Does this outline seem sensible to you @timothymillar?

[timothymillar]

This looks good @jeromekelleher. Seeing it sketched out like this makes me think that a story around genomic prediction via (G)BLUP would be ideal. This would tie in the pedigree (inverse) relationship matrix with the GRM. However, we don't have a BLUP LMM implementation yet... I think we could get a simple implementation going without too much hassle using da.linalg.solve but it may not be the most performant. With or without a BLUP method, the focus should still be on kinship/relationship matrices.

The largest publicly available (diploid) pedigrees I know of are published by Cleveland et al 2012 (6473 individuals) and Bérénos et al 2014 (6740 individuals) so not exactly huge. However, these datasets are particularly good for examples as they also include genotypes for (a subset of) samples in addition to trait and heritability estimates. There are also a few simulated pedigrees around, e.g. Habier et al 2013 who simulated pedigree and marker data to investigate BLUP methods.

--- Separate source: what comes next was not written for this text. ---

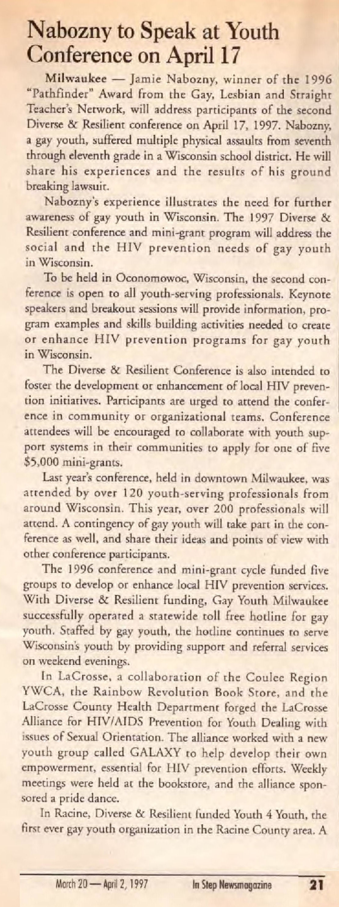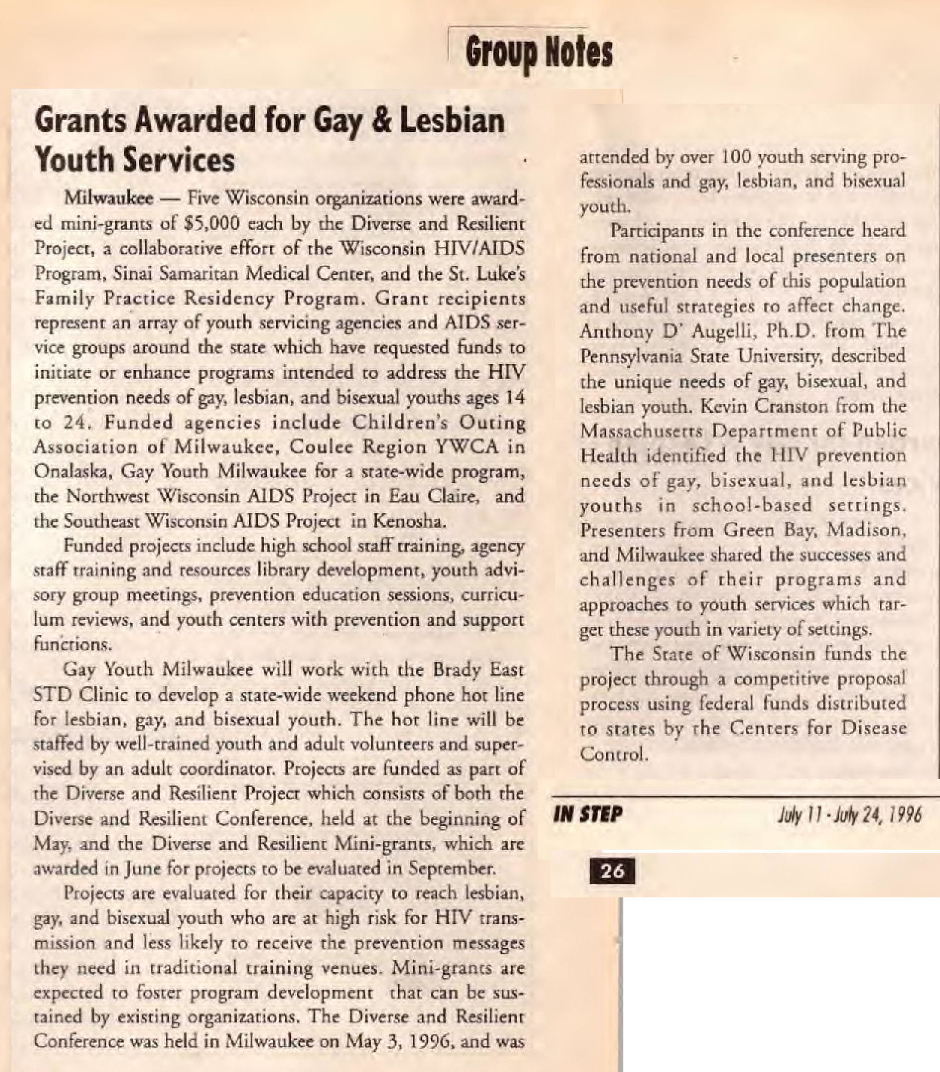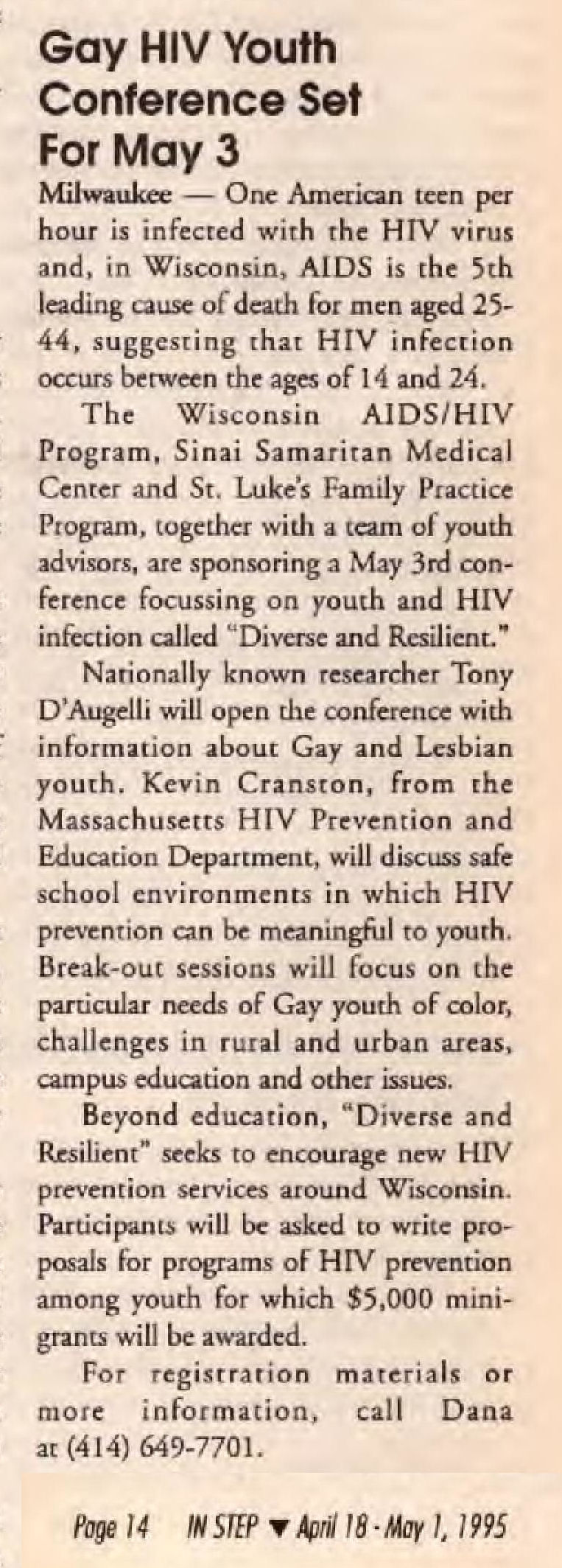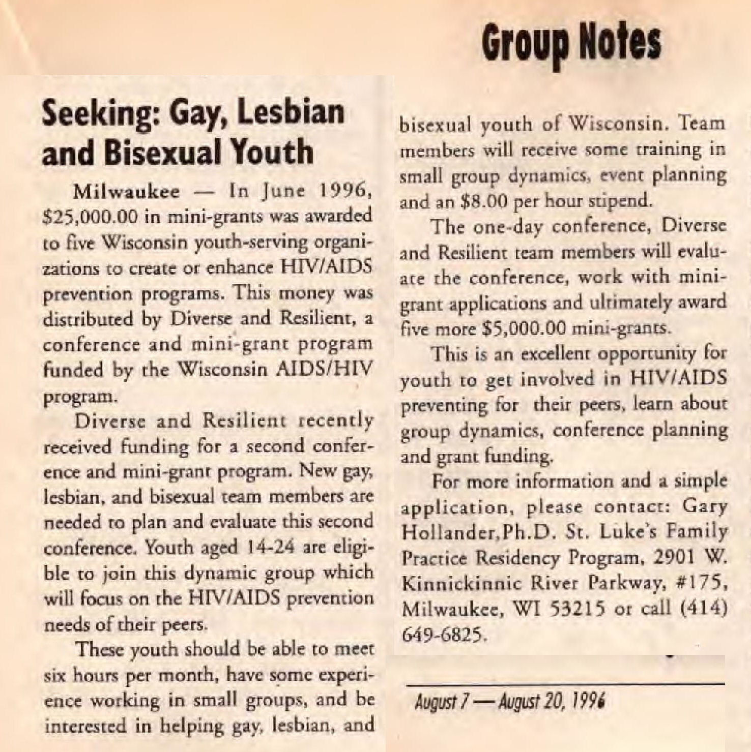 Gay HIV Youth Conference planned by Wis. AIDS/HIV Program, Sinai Samaritan Medical Center and St. Luke's Family Practice Program, establishing "Diverse & Resilient"

I'm not aware of any large publicly available polyploid pedigrees. However, polyploidy should have little effect on method performance and we can easily mock it using a diploid pedigree. I'll keep hunting for more examples. I agree that the data don't need to be freely available, but it would be preferable.

[jeromekelleher]

Sounds great @timothymillar! I don't think we need to use huge datasets for every example - I think diversity across different types of data and organisms is more useful really.

[timothymillar]

@jeromekelleher After reading your distributed computing blurb, I've been re-considering how we can do chunked computation of pedigree kinship/relationship matrices. I have some rough code that works, although the performance (real time) isn't great (dicts slow down numba quite a bit). It does help with memory usage though and I can calculate individual chunks from kinship matrices that are too large to fit in RAM. Both memory usage and compute time depend on the pedigree structure.

I personally think it would add value to the paper if we can demonstrate chunked/distributed computation of both genomic and pedigree relationship matrices. But, the code is quite complex so I'd like a second opinion before perusing it much further.

[jeromekelleher]

I think we should be driven by applications @timothymillar - if we don't have any pedigrees that we are currently using that require going "distributed" then I think it's fine to assume single machine for now. Do we make any hard assumptions in our API that would preclude later generalisations to multi-node?

[timothymillar]

That's a reasonable approach. There are no blockers with the current API although I'd probably require that a pedigree is already sorted to use chunking, it simplifies things a lot.

[jeromekelleher]

SGTM. We could add a sentence or two discussing this to the paper? Saying we assume stuff is in-core at the moment, but there's a clear path to scaling out, if the need arises (if working with, e.g., the BALSAC pedigree?